Purpose: : Mitochondria are highly dynamic organelles whose morphology, distribution and density can be regulated by fusion and fission. Mitochondrial fusion is necessary for normal respiratory function in cells and perturbations in fusion lead to developmental defects and neurodegenerative diseases. Mitochondrial fission leads to increased fragmentation and is normally associated with proapoptotic cells. We investigated the alterations in mitochondrial mass, fusion and fission in RPE cells from normal and AMD subjects.

Methods: : Mitochondrial mass in cultured RPE cells from different topographical locations, different age and AMD level were determined using MitoTracker green stain and confocal microscopy together with MetaMorph image analysis to calculate mitochondrial mass per cell. To study mitochondria fusion and fission, macular RPE cells from normal and AMD donors was transfected with mitochondrial targeted GFP and mitochondrial targeted dsRed respectively. Two groups of cells expressing either mitochondrial targeted GFP or dsRed were fused and imaged. The images were analyzed using the MetaMorph image analysis system. Protein expression was determined by Western blotting.

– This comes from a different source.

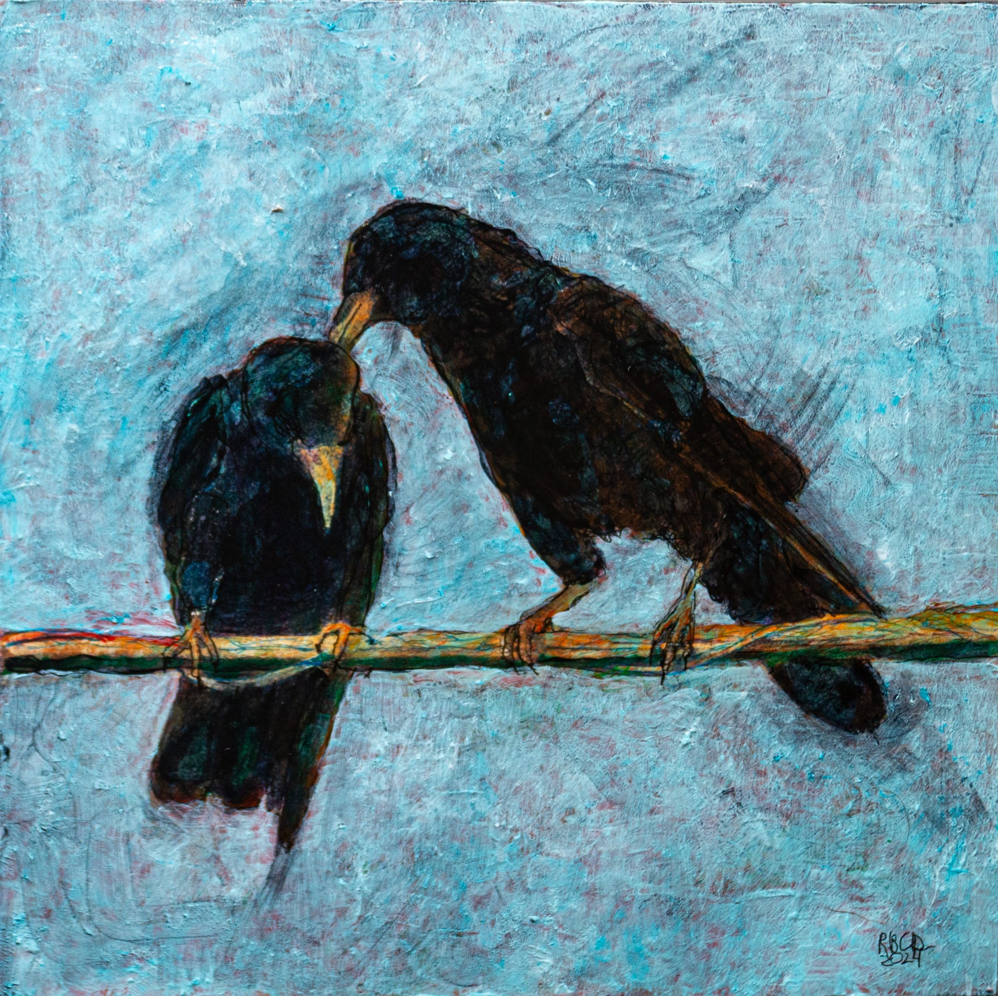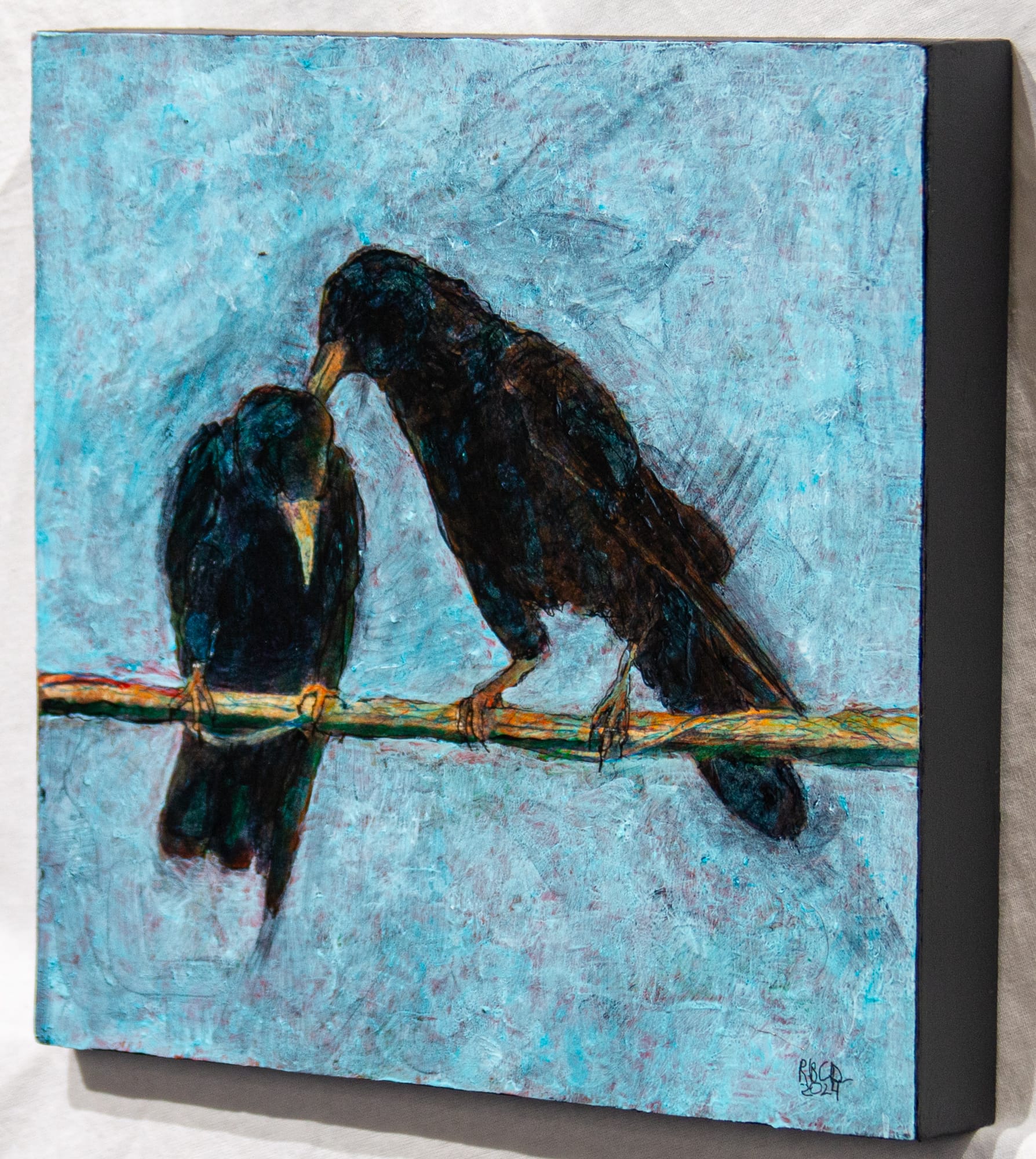 Croaky was a young crow that came down and befriended the Davis family (over the objections of his(?)parents. I like to think that latter on he continued being sociable with fellow crows. Dodie claimed this one very early in the process. 10x10x1.5 Mixed Media: underprint, micron pens, acrylics, two coats of Liquitex gloss varnish.

Results: : There was an age-related decline in mitochondrial mass in macular RPE cells from young (20-30 yr) to old (70-90yr) donors. The mitochondrial mass in macular RPE cells from AMD patients was 30% less than that in macular RPE cells from normal age-matched donors and this decrease was greatest in advanced AMD (p<0.05). Mitochondria in RPE cells from young maculas had a 20% higher capacity for remodelling compared with RPE cells from aged maculas and this capacity was least in RPE cells from donors eyes with AMD (p<0.05). Significantly greater mitochondrial fission, reduced fusion and greater mitochondrial fragmentation was observed in RPE cells from AMD donors compared with their normal aged matched counterparts and RPE cells from young donors (p<0.05). These alterations correlated with changes in expression of the mitochondrial fusion and fission proteins Mfn1, Mfn2, Drp1 and Fis1.

Conclusions: : The decline in mitochondria mass and changes in mitochondria dynamics may be responsible for mitochondrial dysfunction observed in RPE cells. These alterations may contribute to AMD pathogenesis and represent a pharmacological target.